To the Editor:

In response to “Capitalism’s day as dominant measure of social success is over,” A View From the Hill, Feb. 4, 2021, I’m afraid I don’t share Tamara Burke’s optimism about how modernizing regulatory review will put an end to capitalism — much less prove to be a boon to the common man.

Firstly, the memo itself, as quoted in Burke’s piece, lists economic growth as one of its priorities. How does one read this and infer that the capitalist model of endless economic growth — that Burke so rightfully critiques — will be challenged?
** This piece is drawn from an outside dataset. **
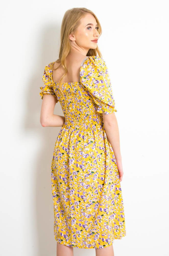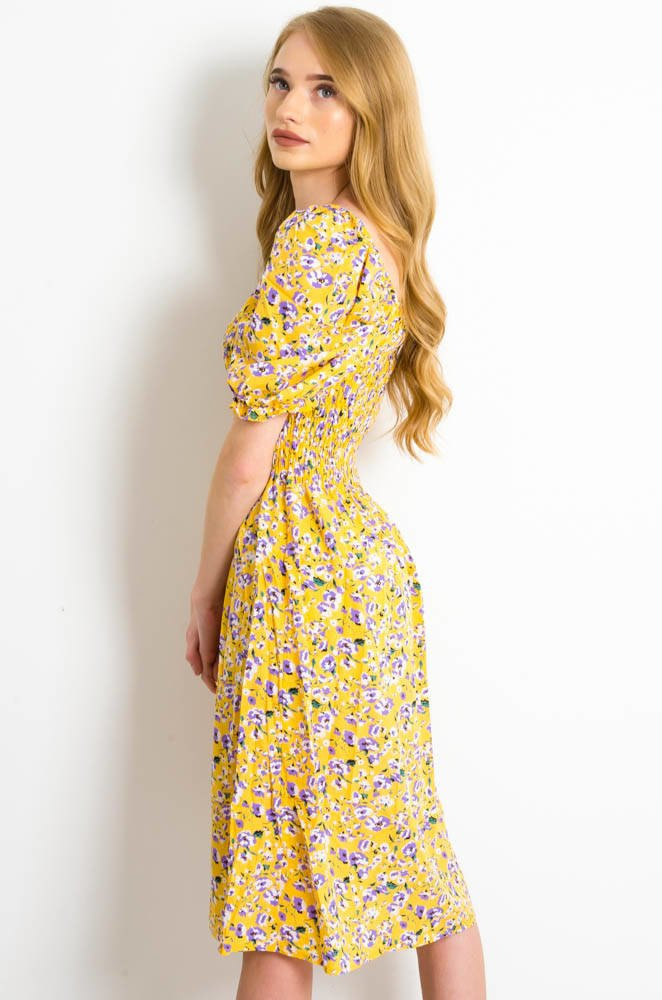ŻÓŁTA SUKIENKA Z BUFKAMI W DROBNE FIOLETOWE KWIATY
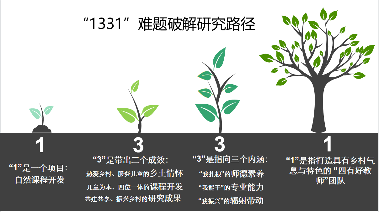 为了有效解决以上难题,尝试从1331研究路径来破解:“1”是一个项目,自然课程开发,这是培育“四有”好教师团队的土壤,“3”是依托自然课程开发带出三个成效,具有热爱乡村、服务儿童的乡土情怀,实施以儿童为本、四位一体的课程开发,实现共建共享、振兴乡村的研究成果。另一个“3”是三个成效指向三个内涵,“我扎根”的师德素养,“我能干”的专业能力,“我振兴”的辐射带动,最后一个“1”就是打造具有乡村气息与特色的“四有”好教师团队。

Secondly, to expect the industries responsible for polluting our planet, poisoning our bodies and guzzling our tax dollars to suddenly change course because of a memo that sports flowery language like “the interests of future generations” strikes me as hopelessly naive.
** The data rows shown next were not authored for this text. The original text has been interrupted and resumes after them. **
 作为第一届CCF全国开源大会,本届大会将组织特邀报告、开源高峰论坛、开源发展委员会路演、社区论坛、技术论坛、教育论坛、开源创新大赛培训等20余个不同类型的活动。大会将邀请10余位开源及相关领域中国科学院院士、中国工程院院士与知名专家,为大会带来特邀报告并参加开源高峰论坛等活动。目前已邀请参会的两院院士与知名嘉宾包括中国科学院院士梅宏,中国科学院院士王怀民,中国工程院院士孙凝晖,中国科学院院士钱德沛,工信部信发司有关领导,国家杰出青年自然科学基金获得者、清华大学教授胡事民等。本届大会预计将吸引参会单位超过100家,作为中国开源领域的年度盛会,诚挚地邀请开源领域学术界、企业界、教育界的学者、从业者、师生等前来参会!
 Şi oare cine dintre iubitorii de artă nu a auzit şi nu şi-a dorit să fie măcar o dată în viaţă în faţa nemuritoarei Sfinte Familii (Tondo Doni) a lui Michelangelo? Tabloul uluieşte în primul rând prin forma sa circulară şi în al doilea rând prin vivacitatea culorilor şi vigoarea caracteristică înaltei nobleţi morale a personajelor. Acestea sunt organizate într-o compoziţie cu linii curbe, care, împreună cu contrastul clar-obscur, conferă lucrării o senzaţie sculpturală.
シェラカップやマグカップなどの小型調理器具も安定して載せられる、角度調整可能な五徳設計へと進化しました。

Regulatory agencies form a series of revolving doors with the most lucrative posts in the industries they are tasked with policing. Do we believe that suddenly, thanks to this document, they shall take up the cause of the common man?
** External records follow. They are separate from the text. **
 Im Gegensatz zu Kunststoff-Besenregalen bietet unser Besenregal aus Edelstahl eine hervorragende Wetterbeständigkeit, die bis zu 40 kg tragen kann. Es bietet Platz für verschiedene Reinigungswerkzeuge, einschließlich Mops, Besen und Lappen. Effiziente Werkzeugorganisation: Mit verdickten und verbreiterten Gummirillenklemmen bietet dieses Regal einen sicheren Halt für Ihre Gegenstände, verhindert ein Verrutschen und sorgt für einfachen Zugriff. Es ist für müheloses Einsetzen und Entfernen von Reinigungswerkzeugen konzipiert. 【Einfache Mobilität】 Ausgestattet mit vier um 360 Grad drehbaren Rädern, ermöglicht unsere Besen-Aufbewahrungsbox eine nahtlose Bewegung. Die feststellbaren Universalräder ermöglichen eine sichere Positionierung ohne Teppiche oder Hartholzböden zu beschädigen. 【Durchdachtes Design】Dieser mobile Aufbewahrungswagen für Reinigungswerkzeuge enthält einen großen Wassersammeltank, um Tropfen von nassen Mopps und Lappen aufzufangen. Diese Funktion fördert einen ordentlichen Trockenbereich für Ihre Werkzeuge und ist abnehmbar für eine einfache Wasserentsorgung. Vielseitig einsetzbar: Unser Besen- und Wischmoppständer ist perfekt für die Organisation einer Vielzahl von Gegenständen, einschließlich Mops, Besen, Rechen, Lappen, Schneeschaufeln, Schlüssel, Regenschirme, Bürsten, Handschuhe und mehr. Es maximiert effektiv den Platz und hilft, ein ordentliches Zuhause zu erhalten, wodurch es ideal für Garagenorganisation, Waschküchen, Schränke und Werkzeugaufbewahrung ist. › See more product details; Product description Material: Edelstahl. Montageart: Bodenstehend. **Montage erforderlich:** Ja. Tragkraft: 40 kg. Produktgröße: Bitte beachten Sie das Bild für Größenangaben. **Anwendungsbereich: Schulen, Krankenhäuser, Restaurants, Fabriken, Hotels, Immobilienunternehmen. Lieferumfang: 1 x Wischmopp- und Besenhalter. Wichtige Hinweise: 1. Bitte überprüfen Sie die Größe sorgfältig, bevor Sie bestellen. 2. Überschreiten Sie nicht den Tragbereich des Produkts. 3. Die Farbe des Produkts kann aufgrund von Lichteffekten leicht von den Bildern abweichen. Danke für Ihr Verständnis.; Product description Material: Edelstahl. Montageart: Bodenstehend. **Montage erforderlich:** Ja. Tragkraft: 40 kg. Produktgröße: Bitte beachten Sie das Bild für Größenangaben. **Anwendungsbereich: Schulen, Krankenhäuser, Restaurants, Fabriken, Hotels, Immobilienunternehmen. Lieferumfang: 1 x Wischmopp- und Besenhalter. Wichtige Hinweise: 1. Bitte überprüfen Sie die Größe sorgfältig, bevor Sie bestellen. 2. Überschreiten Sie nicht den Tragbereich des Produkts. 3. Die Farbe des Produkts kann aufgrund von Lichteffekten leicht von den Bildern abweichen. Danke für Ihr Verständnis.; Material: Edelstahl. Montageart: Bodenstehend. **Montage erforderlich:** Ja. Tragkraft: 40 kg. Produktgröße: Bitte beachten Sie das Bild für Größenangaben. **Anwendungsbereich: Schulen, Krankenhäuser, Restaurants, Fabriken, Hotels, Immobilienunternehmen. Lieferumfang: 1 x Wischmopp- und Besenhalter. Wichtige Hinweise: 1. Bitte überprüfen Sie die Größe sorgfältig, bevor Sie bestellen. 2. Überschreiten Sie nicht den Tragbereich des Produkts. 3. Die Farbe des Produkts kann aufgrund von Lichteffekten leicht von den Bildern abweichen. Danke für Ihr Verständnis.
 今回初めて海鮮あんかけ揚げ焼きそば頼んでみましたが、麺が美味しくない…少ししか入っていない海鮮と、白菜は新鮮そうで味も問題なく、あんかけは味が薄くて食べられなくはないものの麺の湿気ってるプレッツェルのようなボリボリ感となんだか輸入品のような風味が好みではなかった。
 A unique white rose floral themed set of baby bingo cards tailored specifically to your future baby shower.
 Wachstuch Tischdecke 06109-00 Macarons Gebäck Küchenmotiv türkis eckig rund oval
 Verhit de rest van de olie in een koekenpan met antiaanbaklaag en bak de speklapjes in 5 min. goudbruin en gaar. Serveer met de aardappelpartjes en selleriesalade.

While we may indeed be witnessing the end of capitalism as we know it, what rises in its stead is a shiny new brand of fascism, wherein the final vestiges of the free market are cast aside along with our privacy and civil liberties — anachronisms no longer viable in the new age of global pandemics and racial justice.

Burke interprets this memo as evidence that government agencies will finally be tasked with a righteous mission of restoring health and prosperity. I see new tools for the federal government to subjectively determine which elements of our society and economy may continue to exist, and which may not. Something tells me that the large, corporate interests most responsible for creating the current crises of poor health, environmental degradation, economic collapse and racial inequality will find themselves well equipped to meet these new regulations, while many small businesses will not.

I sincerely hope that we do look back at this moment in history as the start of a revolution, but to create the future I desire for my children, I have more faith in community organizations, barter economies and backyard gardens than government bureaucracies empowered and entitled by grandiose memorandums such as this.